5.3. Centralized vs. Decentralized Solutions

We now evaluate the efficiency of the centralized and decentralized approaches, which rely mainly on the tracing time ($TT=1/{\tau }_T)$ and the ratio of users checking for exposure ($RC$). The latter parameter has already been evaluated in the previous subsection. In a centralized approach, $RC$ will be 1, and so the results in Figure 4 clearly show a greater efficiency when compared with lower values of $RC$ associated with the decentralized approach.

Therefore, in this subsection, we focus on the tracing time. We increase this value ($TT=1/{\tau }_T$) from 1 day to 2 and 4 days in order to evaluate its impact. We repeated the experiments in Figure 4c,d, which had a tracing time of one day. The results are shown in Figure 6. Increasing the tracing time to 2 days (Figure 6a,b) evidences a substantial increase in the percentage of individuals infected for similar utilization levels, requiring also more people to be quarantined. The results for a tracing time of 4 days confirm the significant impacts on the control and spread of the epidemics. Figure 6c not only shows an increased proportion of people infected, but also that only with an application utilization near to 100% can the outbreak be controlled (compare these results with the one of Figure 4c where for an utilization of about 50% the outbreak can be controlled with practically no quarantine). These results confirm the necessity of a fast tracing of the previous contacts in order to get an effective quarantine.

Summing up, a centralized approach is clearly more effective than the decentralized one. It becomes easy to compare the difference between the obtained results for the centralized approach (curves $RC=1$ for $TT=1$ in Figure 4c,d) and the decentralized approach (curves with $RC<1$ in Figure 6).

6. Conclusions

In this paper, we have evaluated how smartphone-based contact tracing can control the spreading of infectious diseases, particularly focusing on COVID-19. We have studied what the main implementation aspects are, which, combined with an epidemic deterministic model, allowed us to evaluate their efficiency.

The results show that when no other measures are taken, smartphone contact tracing is not a feasible solution: it is only effective using a centralized model and considering that a very significant proportion of the population (more than 80%) is willing to use the smartphone application. Moreover, in order to be effective, its use must be combined with other mild measures (for example, social distancing). Finally, the efficiency of this solution depends on the implementation model: a centralized model is much more effective, requiring a utilization percentage of about 50% to control an outbreak (a very realistic objective). On the contrary, a decentralized model would require a higher utilization, in the range of 60% to 80% depending on the tracing speed.

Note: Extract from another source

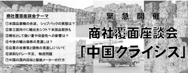 中国が牽引役となって急拡大してきた古紙輸出市場のトレンドが転機を迎えている。中国が発動した輸入規制の強化によって、10年以上続いた「再生資源バブル」が終焉した。買い手市場となった中で、日本品がシップバック処分を受けたり、5月から米国から輸入古紙を実質的に禁輸に動くなど想定外の展開も続く。今後の古紙輸出ビジネスはいったいどうなるのか?5月初旬、これまで古紙輸出を手掛けてきた5名の商社の方々に参集い...
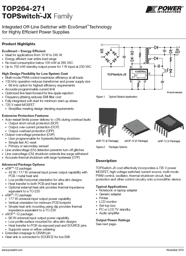 TOP264VG OFF-LINE POWER SW. 30-62W 11p. eDIP-12B

To conclude, we are experiencing one of the major crises of our recent history. The COVID-19 pandemic is causing a great number of deaths. Social lockdown and distancing measures are slowly mitigating the spread of the virus. These measures are the only tool available until the long-awaited vaccine can be distributed to the entire population. We think that the use of smartphone-based contact tracing can help to tackle this pandemic.